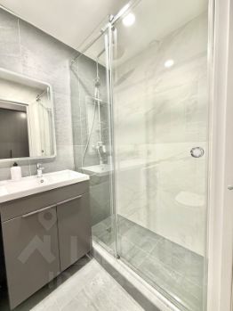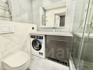 Ванная комната с душевой кабиной, стиральной машиной, полотенцесушителем и зеркалом с подсветкой.
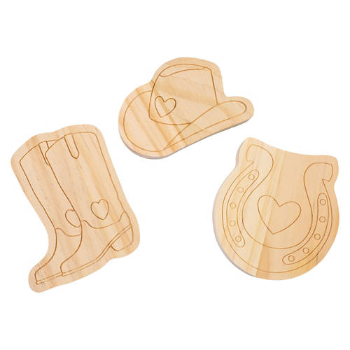 Each kit includes 3 wooden cutouts Comes with 2 paint brushes, 1 flat paint brush and 1 pointed paint brush for fine details Includes 6 paint pots
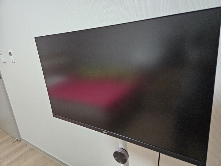 비교영상 많이봤는데 역시 실물이 더 커보이네요. 싱글침대위에 올려봤는데 꽤 큽니다. 선도 다 흰색으로 깔끔해요! 더블 모니터로 쓸거라 DP선이 짧아서 따로 구매해줬고, 모니터도 양품이었습니다. 스마트모니터가 아니다보니 블루투스로 마우스/키보드 조정하면서 주말내내 누워서 유튜브만 봤어요... 진짜 개행복하네요. 화면 크니까 어디서든 잘 보이고 사운드는 무난합니다! 소리도 아래쪽에서 나와서 잘 들려요. 기본 스탠드가 좋아서 위아래회전까지 다 잘되구요. 스마트티비는 필요없어서 이걸로 구매한건데 만족합니다.
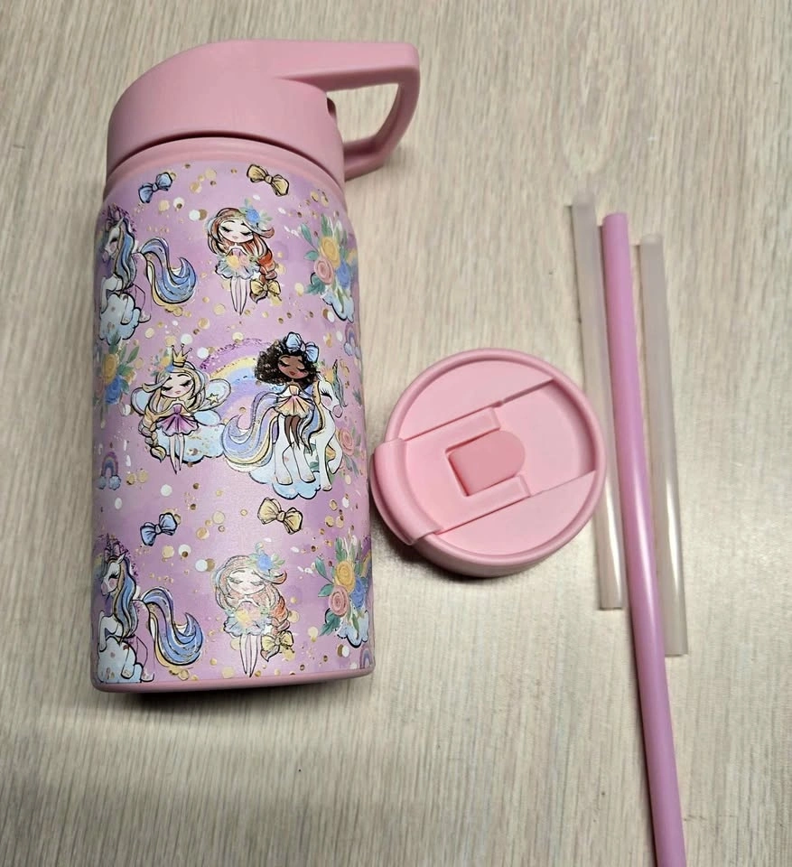 Princess Thermos water bottle set for kids (14oz, pink color)
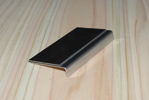 まず、パネルの上部を壁に取り付けるための金具を製作するために、ステンレス板を加工します。

==*==

**YOUR INSTRUCTIONS**
The records above are to be restated exactly, with all pictures omitted.

**SOLVED EXERCISE**
 Ванная комната с душевой кабиной, стиральной машиной, полотенцесушителем и зеркалом с подсветкой.
 Each kit includes 3 wooden cutouts Comes with 2 paint brushes, 1 flat paint brush and 1 pointed paint brush for fine details Includes 6 paint pots
 비교영상 많이봤는데 역시 실물이 더 커보이네요. 싱글침대위에 올려봤는데 꽤 큽니다. 선도 다 흰색으로 깔끔해요! 더블 모니터로 쓸거라 DP선이 짧아서 따로 구매해줬고, 모니터도 양품이었습니다. 스마트모니터가 아니다보니 블루투스로 마우스/키보드 조정하면서 주말내내 누워서 유튜브만 봤어요... 진짜 개행복하네요. 화면 크니까 어디서든 잘 보이고 사운드는 무난합니다! 소리도 아래쪽에서 나와서 잘 들려요. 기본 스탠드가 좋아서 위아래회전까지 다 잘되구요. 스마트티비는 필요없어서 이걸로 구매한건데 만족합니다.
 Princess Thermos water bottle set for kids (14oz, pink color)
 まず、パネルの上部を壁に取り付けるための金具を製作するために、ステンレス板を加工します。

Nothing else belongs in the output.